Mucize #25 – Dünya Hakimiyeti

Enbiya Suresi 105. ayet meali: “Andolsun ki, Zebur’da Zikir’den (Tevrattan) sonra yazmıştık ki, muhakkak yere Benim sâlih kullarım vâris olacaklardır.”

Bu ayet çok büyük bir mucize içermektedir. Bu mucize yeni bir keşifle anlaşılmak bilimin bugun fark etmesi veya Kur’andaki belagat mükemmel anlatım veya insanın yapamayacağı birden çok anlam veya incelikler gibi gibi şeyler değildir. Mucize Dünya hâkimiyetiyle ilgilidir. Dolayısıyla bu haberin doğruluğu=doğru çıkabilmesi için sözü söyleyenin tüm dünyayı yönetecek kudrete sahip olması, dilediği insanları-kişileri-grupları-ülkeleri-ideolojileri üste çıkarmaya dilediğini zelil etmeye muktedir olması  ve de gücünden emin olması gerekir.

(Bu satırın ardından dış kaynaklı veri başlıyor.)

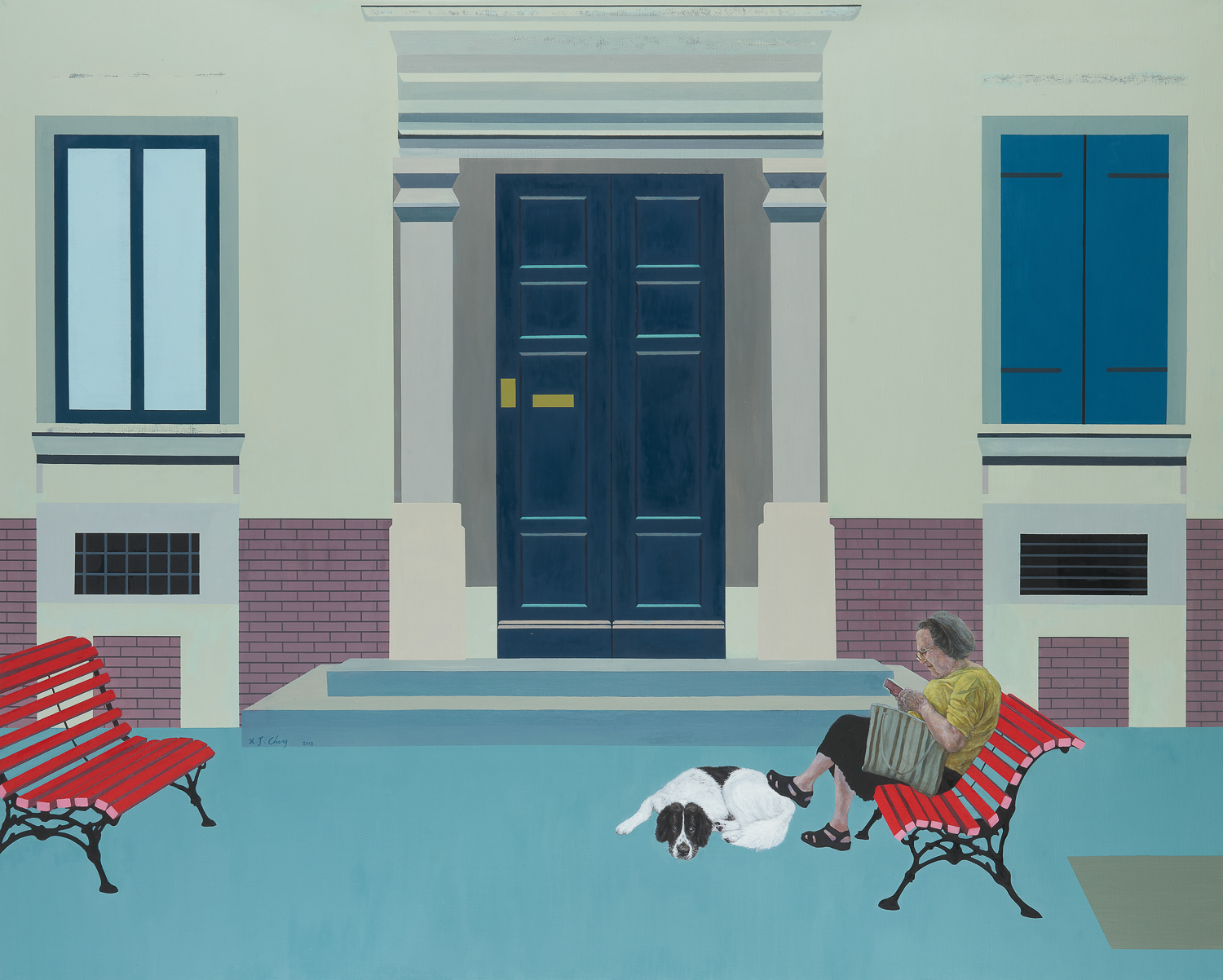布雷拉美术馆休息区-黄子怿-油画-100cm×100cm-2020-肖像
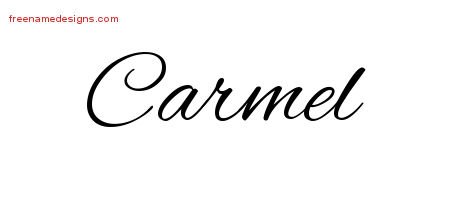 This free name graphic with cursive lettering is printed with the custom name Carmel.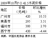 中南地區(qū)的水泥價(jià)格在廣州市場(chǎng)帶動(dòng)下大幅度上漲。其中廣東廣州地區(qū)的水泥價(jià)格第四次大幅度上調(diào),幅度為40~50元/噸,P?O 42.5水泥的價(jià)格攀升至420元/噸。主要是西江水位下降,導(dǎo)致廣西水泥只能通過汽車運(yùn)輸,運(yùn)輸成本大幅上升;同時(shí)市場(chǎng)需求一直呈現(xiàn)持續(xù)上升態(tài)勢(shì),使各企業(yè)供應(yīng)緊張,個(gè)別企業(yè)甚至空庫(kù)。在這兩大因素的推動(dòng)下,廣州水泥價(jià)格環(huán)比增長(zhǎng)了10.53%。

Şimdi ayetin şerhine bakalım beraber: Ayetin birinci ve herkes tarafından kolayca anlaşılacak bir anlamı yeryüzünde eninde sonunda müslümanların Tam hâkim olacağıdır. Bu İsâ aleyhisselâm yeryüzüne indiği zaman olacaktır. O zaman müslümanlar yeryüzüne tam hâkim olacaklar ve ayetteki haber tam olarak gerçekleşerek mucize ortaya çıkacaktır. Ancak şu an bu mucizeye şahitlik edemiyoruz.

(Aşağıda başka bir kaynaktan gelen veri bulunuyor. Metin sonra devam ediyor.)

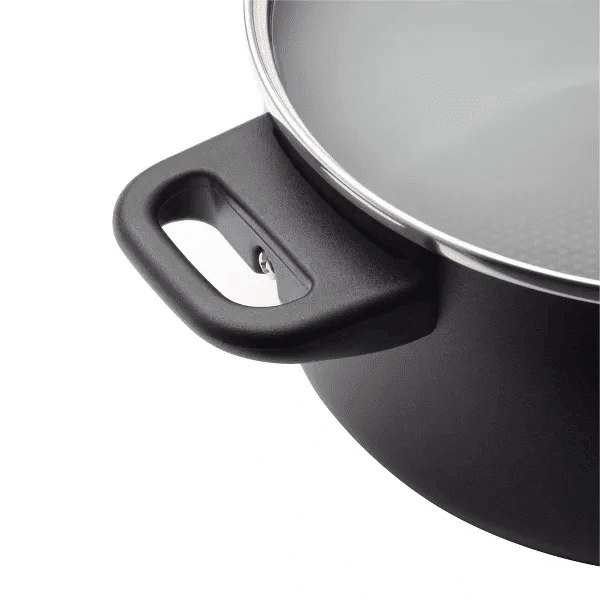 5.STURDY HANDLES, SHATTER-RESISTANT GLASS LIDS: Double-riveted handles on the pots and pans offer a confident grip and shatter-resistant glass lids seal in heat and moisture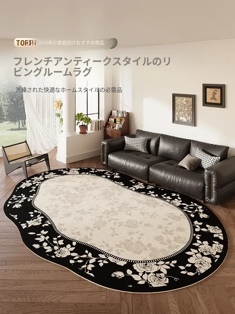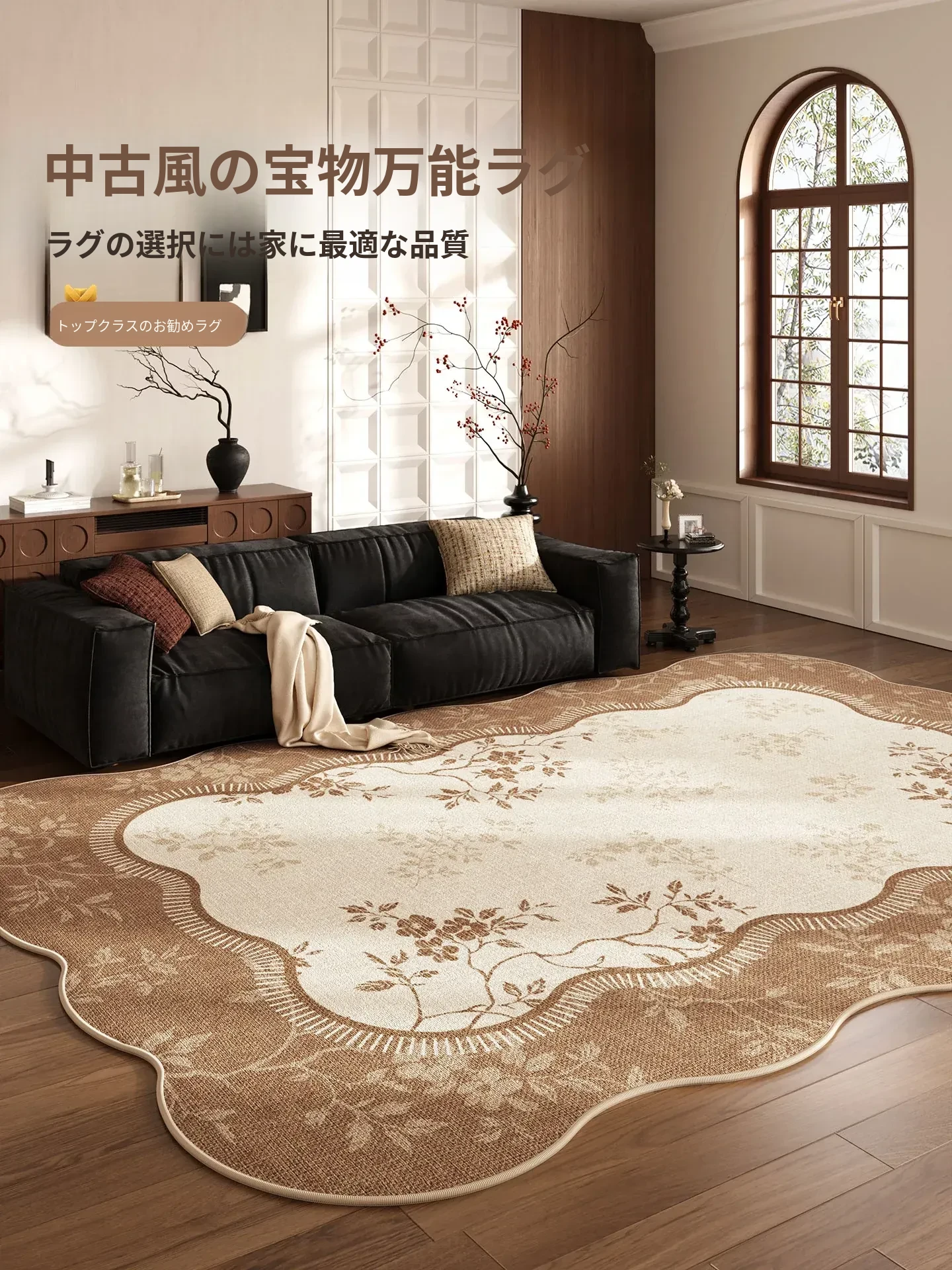 フランス風レトロデザインの異形リビングカーペット - 高級感溢れる防水・防汚マット、ソファやテーブルにぴったりの新作!寝室にも最適!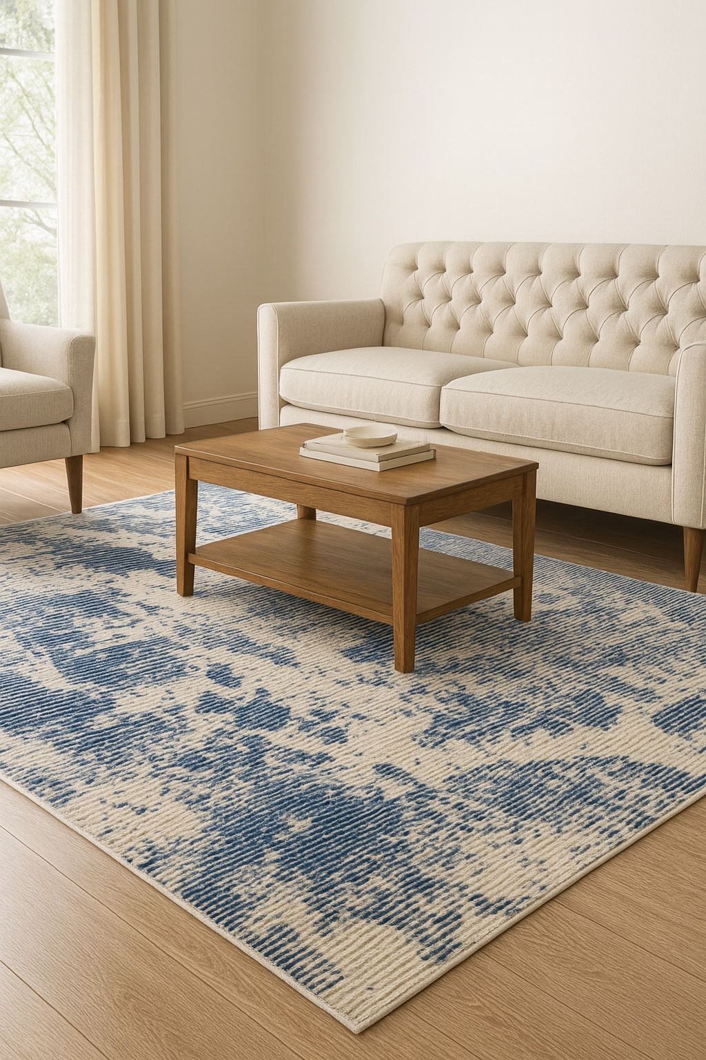 Modern 8x10 blue and cream abstract rug with textured design. Soft, durable, and stylish—perfect for living rooms or bedrooms. Adds a bold, contemporary touch to any space.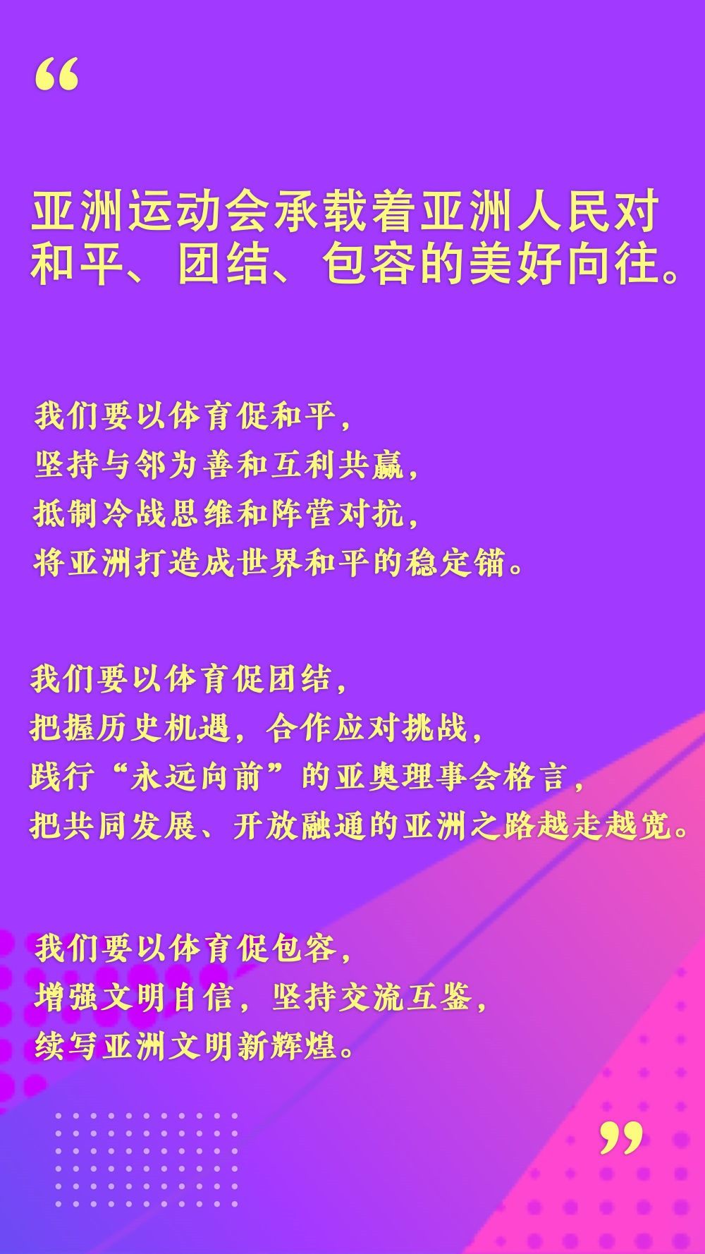 習(xí)近平在杭州第十九屆亞洲運(yùn)動會開幕式歡迎宴會上的致辭中強(qiáng)調(diào),亞洲運(yùn)動會承載著亞洲人民對和平、團(tuán)結(jié)、包容的美好向往。

Gelelim açık ve çok büyük bir mucizenin olduğu ayet şerhine şöyle ki: Bu ayet müslümanlara hitap etmektedir. Müslümanlara şu hükmü bildirmektedir. “Yeryüzüne ancak salih kullarım varis olur”. Yani müslümanlara demektedir ki yeryüzüne ancak ve sadece (muhakkak) Salih olursanız varis=hâkim olursunuz. Bu cümlenin mefhumu muhalifi nedir? Şudur:

Salih olmazsanız yeryüzüne varis olamazsınız. (Müslümanlara hitaben söyleniyor)

Allah söz veriyor, diyor ki : Salih olursanız MUHAKKAK size yeryüzünü veririm. Salih olmazsanız da kesinlikle yeryüzünde hâkimiyetiniz olmaz.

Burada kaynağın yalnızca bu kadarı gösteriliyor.